Battle of Purakkad
| Date | 1746 |
| Location | Purakkad, Kerala, India |

= Battle of Purakkad =

1746 battle between Travancore and Odanad

The first Battle of Purakkad was fought in 1746 between the Indian Kingdom of Travancore and combined forces of the feudal state Odanad.

==Background==
With the defeat of the Kulachal battle in 1741, the Dutch captured Vamanapuram with the help of the King of Kollam. Following this, the Travancore army led by Ramayan Dalava besieged the Kollam fort of the Dutch. But the Odanad (Kayamkulam) army helped the Dutch army for the defense of this fort. The Kayamkulam army was led by Achyutawaryar who was the minister of the King of Kayamkulam. Following this, the Travancore army retreated. In 1742, the combined forces of the Dutch and Kayamkulam captured Kilimanoor.
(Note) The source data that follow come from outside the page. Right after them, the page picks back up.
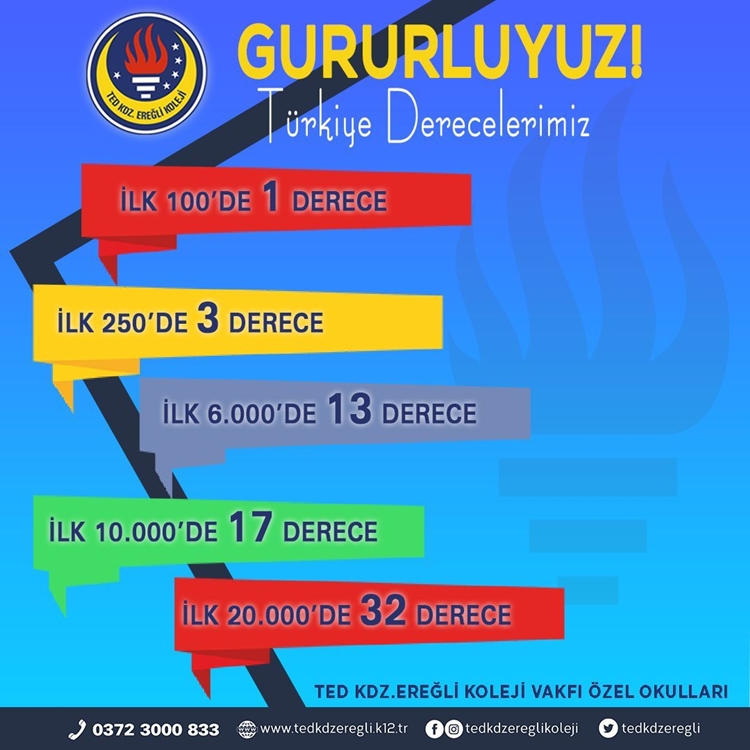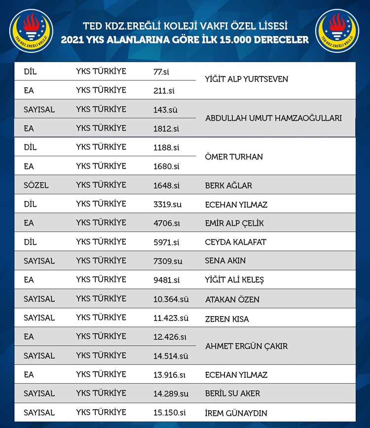 TED Kdz. Ereğli Koleji Vakfı Özel Lisesi öğrencileri, 2021 Yüksek Öğretim Kurumları Sınavı’nda Sayısal, Eşit Ağırlık, Sözel ve Dil alanlarında il birinciliğine imza attı.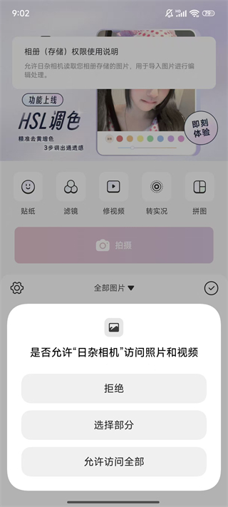 3、需要导入图片进行编辑时,需先开启手机相册访问权限。
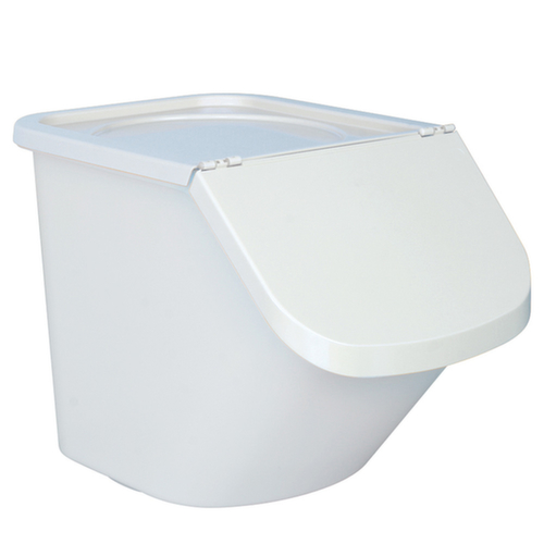 Aus bruchsicherem Polypropylen. Behälter in weiß und Deckel in weiß. Wände: glatte, nahtlose Flächen für eine leichte Reinigung. Geeignet für Schüttgüter aller Art. Verschließbar mit Klappdeckel. Der Deckel lässt sich auch öffnen, wenn mehrere Boxen aufeinander gestapelt sind. Der Behälterinhalt lässt sich dank der abgeschrägten Eingrifföffnung leicht entnehmen. Lebensmittelgeeignet.

For this reason Marthandavarma brought cavalry from Tirunelveli and led the army towards Kilimanoor and captured Kilimanoor. Then Marthandavarma's army moved towards Kayamkulam. The King of Kayamkulam resisted at first but finally begged for peace. Following this, Marthanda Varma and King of Kayamkulam signed the Treaty of Mannar. But the King of Kayamkulam later violated the terms of this truce. This led to the Travancore army conquering the Kayamkulam in 1746. This battle came to be known as the Battle of Purakkad. Marthandavarma captured the small feudal state Odanad and annexed it to Travancore for helping Kayamkulam in the war with Travancore. Present Ambalapuzha and Kuttanad taluks were included in this.